使用长读长进行基因分型结构变异。

SVJedi: genotyping structural variations with long reads.

机构信息

Univ Rennes, Inria, CNRS, IRISA, F-35000 Rennes, France.

出版信息

Bioinformatics. 2020 Nov 1;36(17):4568-4575. doi: 10.1093/bioinformatics/btaa527.

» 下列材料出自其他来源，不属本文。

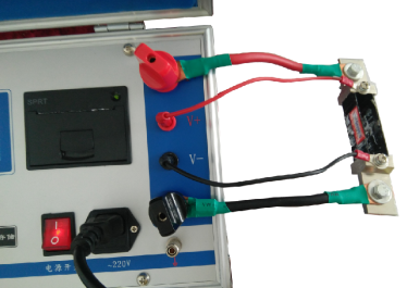如下图所示,将专用测试线按照颜色红对红,黑对黑,粗线接到对应的I+、I-接线柱扭紧,细线插入到V+、V-的插座内,两把夹钳夹住被测试品的两端。

DOI:10.1093/bioinformatics/btaa527

PMID:32437523

Abstract

MOTIVATION

Studies on structural variants (SVs) are expanding rapidly. As a result, and thanks to third generation sequencing technologies, the number of discovered SVs is increasing, especially in the human genome. At the same time, for several applications such as clinical diagnoses, it is important to genotype newly sequenced individuals on well-defined and characterized SVs. Whereas several SV genotypers have been developed for short read data, there is a lack of such dedicated tool to assess whether known SVs are present or not in a new long read sequenced sample, such as the one produced by Pacific Biosciences or Oxford Nanopore Technologies.

RESULTS

We present a novel method to genotype known SVs from long read sequencing data. The method is based on the generation of a set of representative allele sequences that represent the two alleles of each structural variant. Long reads are aligned to these allele sequences. Alignments are then analyzed and filtered out to keep only informative ones, to quantify and estimate the presence of each SV allele and the allele frequencies. We provide an implementation of the method, SVJedi, to genotype SVs with long reads. The tool has been applied to both simulated and real human datasets and achieves high genotyping accuracy. We show that SVJedi obtains better performances than other existing long read genotyping tools and we also demonstrate that SV genotyping is considerably improved with SVJedi compared to other approaches, namely SV discovery and short read SV genotyping approaches.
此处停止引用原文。